Civic Center has long been the government, arts, history, and learning nexus of both the state of Colorado and the Denver Metropolitan Area.
Among the institutions in the Civic Center are Denver Art Museum and the Denver Central Library along the park's south side, the Colorado State Capitol and the City and County Building of Denver along the east and west axis of the park, the Wellington E. Webb Municipal Office Building on the park's north side, and the History Colorado Center and the Ralph Carr Colorado Judicial Center to the southeast of the park. The Denver Mint lies immediately west of the Civic Center Park across the street from the City and County Building.

The area has seen expanded civic uses in recent decades. Voters in 2004 approved a new Denver Justice Center, two blocks west of Civic Center Park. This project was completed in 2010. The McNichols Civic Center Building, within the park at its northwest corner, was Denver's first public library and in 2012 was renovated to serve the Denver Arts and Venues agency. Plans have been floated to use the building as a museum of Denver history. In 2024 Denver purchased the former headquarters of the Denver Post, north of the park, to serve the courts and legal services.

==Events==
Civic Center is known throughout the state as the rendezvous for the largest and most important cultural and civic events. Being at the center of the state and local government institutions, Civic Center has become the place for political statement for various groups and individuals representing a variety of causes.
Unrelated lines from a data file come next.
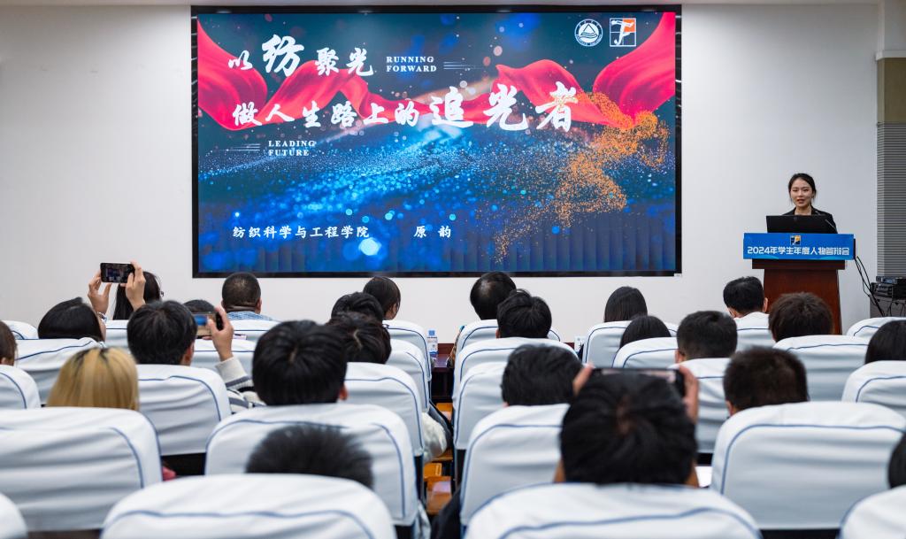 活动伊始,杨莉勤介绍了学生年度人物评选基本情况,祝愿答辨同学能展示出纺织青年拼搏进取、踔厉奋发的榜样风范和“奋楫笃行,履践致远”的精神风貌。她希望纺织学子以榜样为镜,不忘心中的志向与赤忱,以勤奋筑路,不畏险阻,用奋斗的脚步,书写青春答卷。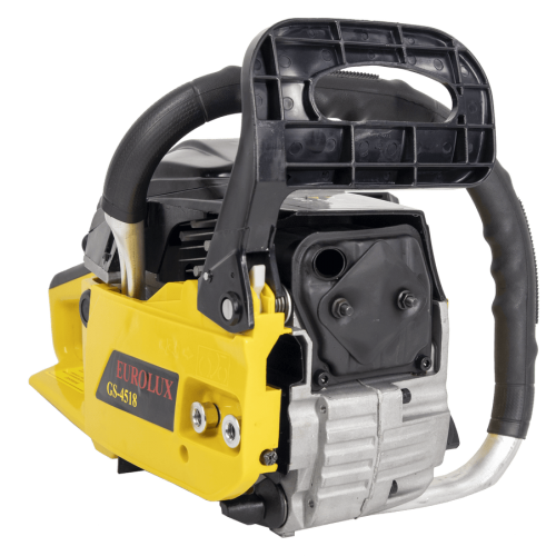Цепная пила на бензиновом топливе модели Eurolux GS-4518 оснащена двухтактным двигателем мощностью 2300 Вт с воздушным охлаждением, объём её топливного бака составляет 550 мл. Она проста и удобна в управлении, а наличие антивибрационной системы обеспечивает оператору комфорт даже при длительной работе.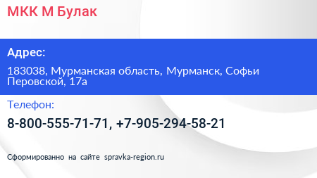 МКК М Булак по адресу 183038, Мурманская область, Мурманск, Софьи Перовской, 17а в дальнейшем Организация, размещена в следующих категориях: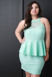 This alluring plus size dress features an embossed paisley fabrication with mesh contrast, round neck with button closure at nape, sleeveless design, and finished with bodycon peplum skirt. Accessories sold separately. Made in U.S.A. 95% Polyester, 5% Spandex.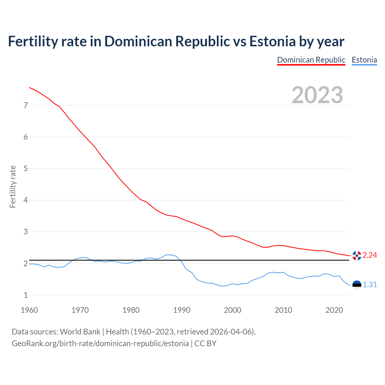 1960 vs 2023, the fertility rate has decreased by 70.3% in the Dominican Republic and by 33.8% in Estonia — in 1960, it was 7.56 and 1.98, respectively.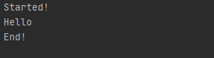 - 아래 예제 같은 경우 started! 출력 후 2초를 기다린다.

In 1990 and 1991, the Civic Center was the location of the CART Grand Prix of Denver.

It was Civic Center where the public held a vigil for the victims of Columbine High School massacre, and 9/11. Former presidential candidate and Denver native John Kerry made a 2004 campaign stop at Civic Center, and 2008 Democratic nominee Barack Obama gave a speech there on October 26, 2008 to an estimated 100,000 supporters.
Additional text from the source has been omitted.